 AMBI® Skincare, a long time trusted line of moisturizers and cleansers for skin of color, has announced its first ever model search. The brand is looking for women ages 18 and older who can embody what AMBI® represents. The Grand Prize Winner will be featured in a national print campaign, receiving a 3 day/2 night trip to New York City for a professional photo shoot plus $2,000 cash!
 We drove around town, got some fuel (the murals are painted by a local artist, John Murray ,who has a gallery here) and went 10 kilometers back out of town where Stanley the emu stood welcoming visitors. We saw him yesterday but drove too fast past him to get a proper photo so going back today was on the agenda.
---
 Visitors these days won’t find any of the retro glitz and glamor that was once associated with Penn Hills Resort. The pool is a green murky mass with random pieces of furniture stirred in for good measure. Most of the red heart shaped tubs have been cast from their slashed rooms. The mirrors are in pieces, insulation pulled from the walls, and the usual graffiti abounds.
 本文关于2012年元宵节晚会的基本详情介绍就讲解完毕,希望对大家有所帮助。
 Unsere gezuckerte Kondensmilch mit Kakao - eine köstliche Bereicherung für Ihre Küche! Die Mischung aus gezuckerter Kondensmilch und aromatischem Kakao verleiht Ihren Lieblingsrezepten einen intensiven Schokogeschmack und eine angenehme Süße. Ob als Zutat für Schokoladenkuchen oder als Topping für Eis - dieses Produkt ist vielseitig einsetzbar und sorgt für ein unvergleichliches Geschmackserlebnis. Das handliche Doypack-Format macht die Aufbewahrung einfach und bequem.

AIM OF THE TASK — Search the entries above for the string "photo", and report each line where it occurs.

ANSWER TO THIS TASK —
 AMBI® Skincare, a long time trusted line of moisturizers and cleansers for skin of color, has announced its first ever model search. The brand is looking for women ages 18 and older who can embody what AMBI® represents. The Grand Prize Winner will be featured in a national print campaign, receiving a 3 day/2 night trip to New York City for a professional photo shoot plus $2,000 cash!
 We drove around town, got some fuel (the murals are painted by a local artist, John Murray ,who has a gallery here) and went 10 kilometers back out of town where Stanley the emu stood welcoming visitors. We saw him yesterday but drove too fast past him to get a proper photo so going back today was on the agenda.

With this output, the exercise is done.